ARIES investigators invited people who completed 84 weeks to continue their assigned regimen through week 144. The researchers defined virologic failure after that point as a confirmed viral load at or above 400 copies. Of 379 people invited to continue, 369 (97%) did. Baseline demographics were similar between study groups at week 84 and similar to those in the week-36 randomized population: Age averaged 39 years, 85% of study participants were men, and 64% were white. Pretreatment viral load stood a little above 100,000 copies, and median pretreatment CD4 count was 198.
 
Of 369 people who entered the extended phase of ARIES, 314 (85%) completed 144 weeks, and the completion rate did not differ between study arms. A time-to-loss-of-virologic-response analysis determined that 77% randomized to unboosted atazanavir and 73% randomized to boosted atazanavir had a viral load under 50 copies at week 144. Proportions with a load under 400 copies were 84% in the unboosted arm and 80% in the boosted arm.
 
Five people taking unboosted atazanavir and 6 taking boosted atazanavir had a protocol-defined virologic failure. Only one major protease inhibitor mutation, N88S, arose in 1 person, who was taking boosted atazanavir. Median CD4 gains from study entry to week 144 were 305 in the unboosted arm and 302 in the boosted arm.
 
Rates of grade 2 to 4 adverse events from week 36 through week 144 were lower in the unboosted group (25 events, 13%) than in the boosted group (42 events, 23%). During that period, hyperbilirubinemia (the only treatment-related adverse event with an incidence of 3% or higher) affected 12 people (6%) taking unboosted atazanavir and 25 (14%) taking boosted atazanavir.
 
Median lipid changes between week 36 and week 144 favored the unboosted group.

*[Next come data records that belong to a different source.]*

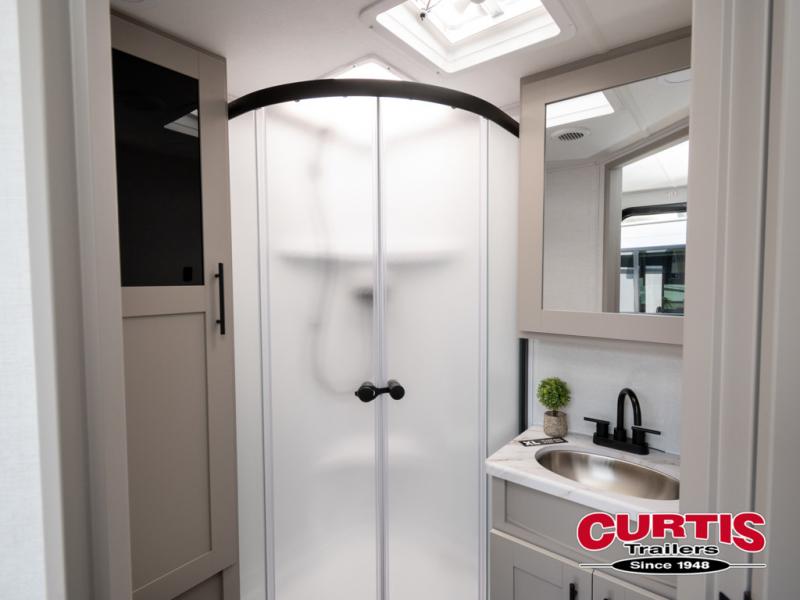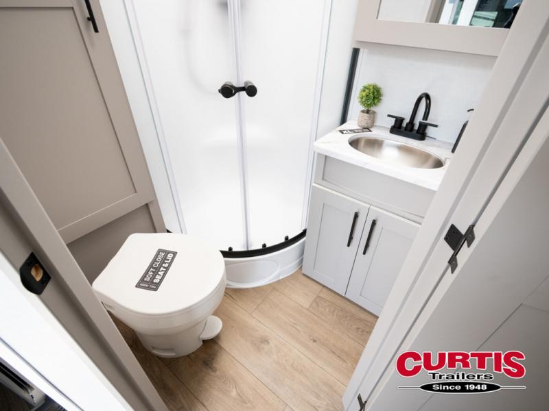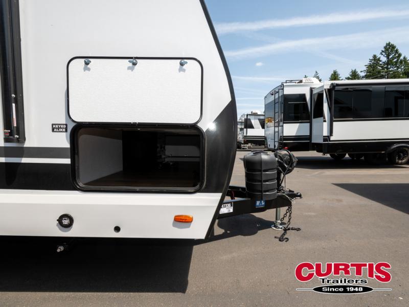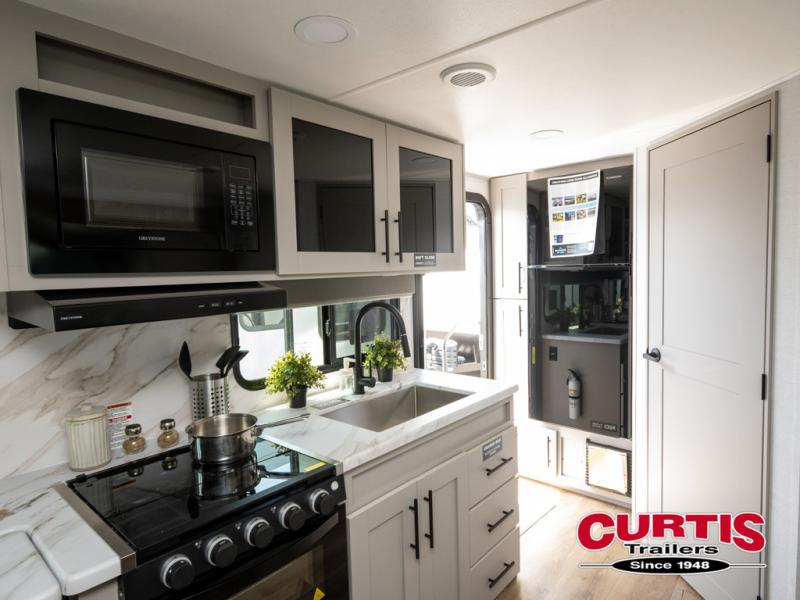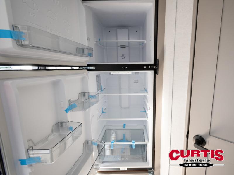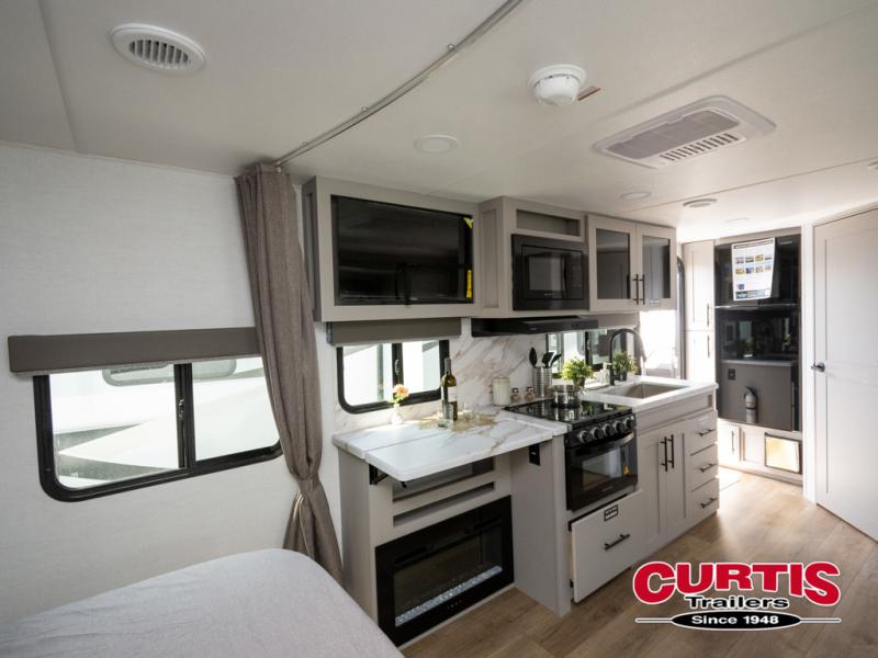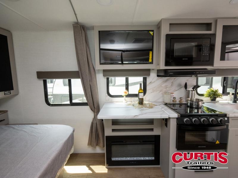 This couple's trailer is perfect for weekend trips to your favorite campground. The theater seat slide will provide comfort and space, while the fireplace across the room will have you feeling right at home. There are also two tables for the sofa and a flip-up extension by the fireplace for more counter space. All of your meals can be made on the three burner cooktop, and clean up will be a breeze with the large kitchen sink. A full bath is complete with a toilet, sink, 32" shower and a linen closet, and the front queen bed with a privacy curtain is sure to provide a great night's rest. You'll also find dual wardrobes and nightstands, along with overhead storage to keep everything organized!
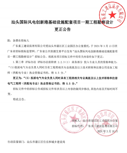 汕頭國際風(fēng)電創(chuàng)新港基礎(chǔ)設(shè)施配套項目一期工程勘察設(shè)計
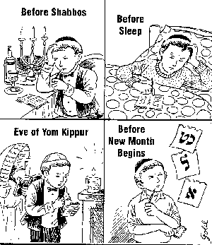 1. Every week before Shabbos 2. Every night before going to sleep 3. On the eve of Yom Kippur 4. Before each new month begins
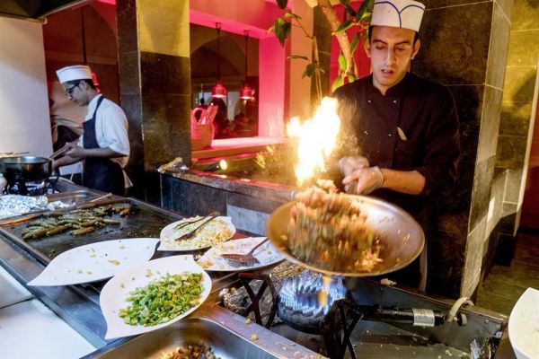 All inclusive ellátással foglalható, mely tartalmazza a reggelit a késői reggelivel együtt, ebédet, vacsorát, éjszakai büfét, a helyi alkoholos- és alkoholmentes italokat, pezsgőt, török kávét, tradicionális tunéziai teát, valamint a vízipipát. Napközben snackételeket kínálnak. A szállodában található tunéziai, olasz és ázsiai a'la carte étterem, melyekben a vendégek előzetes foglalást követően díjmentesen vacsorázhatnak. A hotel több bárral és egy mór kávézóval is rendelkezik. A palackozott víz, a helyi alkoholos- és alkoholmentes italok 24/24 elérhetőek.

Triglycerides fell 42 mg/dL with unboosted atazanavir during that period and 11 mg/dL with boosted atazanavir during that period (P < 0.0001).
 
Total-to-high-density-lipoprotein cholesterol ratio improved significantly more from week 36 to week 144 in the unboosted group (-0.43) than in the boosted group (-0.19) (P = 0.008).
 
References
 
1. Squires K, Young B, DeJesus E, et al. Similar efficacy and tolerability of atazanavir (ATV) compared to ATV/ritonavir (RTV), each in combination with abacavir/lamivudine (ABC/3TC), after initial suppression with ABC/3TC + ATV/RTV in HIV-1 infected patients: final (144 weeks) results of the open-label, multicenter, non-inferiority ARIES study. 6th IAS Conference on HIV Pathogenesis, Treatment and Prevention. July 17-20, 2011. Rome. Abstract MOPE215.
 
2. Squires KE, Young B, Dejesus E, et al. Similar efficacy and tolerability of atazanavir compared with atazanavir/ritonavir, each with abacavir/lamivudine after initial suppression with abacavir/lamivudine plus ritonavir-boosted atazanavir in HIV-infected patients. AIDS. 2010;24:2019-2027.